He had been fourteen when they gave him that brand. A page in the Duke’s household, eager and stupid, believing that service to power was the same as service to justice. He had learned otherwise the night the Duke ordered him to hold a torch while a debtor’s hands were broken, finger by finger. Herric had dropped the torch. The Duke had smiled and said, “You’ll learn, boy. Pain is the only teacher that never lies.”
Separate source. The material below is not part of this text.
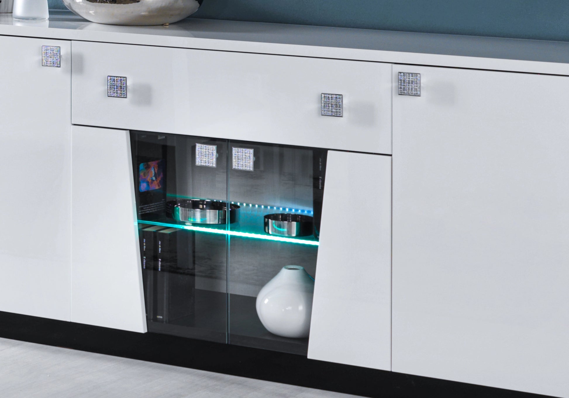 - Buffet 3 portes – espaces de rangement spacieux, LED intégrées

The Duke reached for a dagger hidden beneath his cloak. Herric’s sword was faster.
The Duke’s mark. A coiled serpent eating its own tail. a man rides through by stephen r donaldson.pdf
He emerged in the dungeons. Empty, because the Duke preferred executions to imprisonment. Justice, the Duke called it. Efficiency, Herric called it. He did not call it anything aloud.
He was a man who had once believed in oaths. Now he believed in silence. He had been fourteen when they gave him that brand
He drew his dagger. The Duke’s eyes widened—not in fear, but in curiosity. Herric pressed the blade to his own forearm, just below the brand, and cut. Blood ran down his wrist, hot and red, dripping onto the marble. He cut deeper, past the skin, past the fat, until he could peel the branded flesh away from the muscle beneath.
Herric raised his left arm. He pulled back the sleeve, showing the brand. The coiled serpent. Herric had dropped the torch
The road ahead wound through the Teeth—a jagged line of granite peaks that separated the Marche from the Duke’s citadel at Cinderfell. Herric’s horse, a stubborn gray gelding named Stone, climbed without complaint. The beast understood what Herric had forgotten: that the only way forward was through.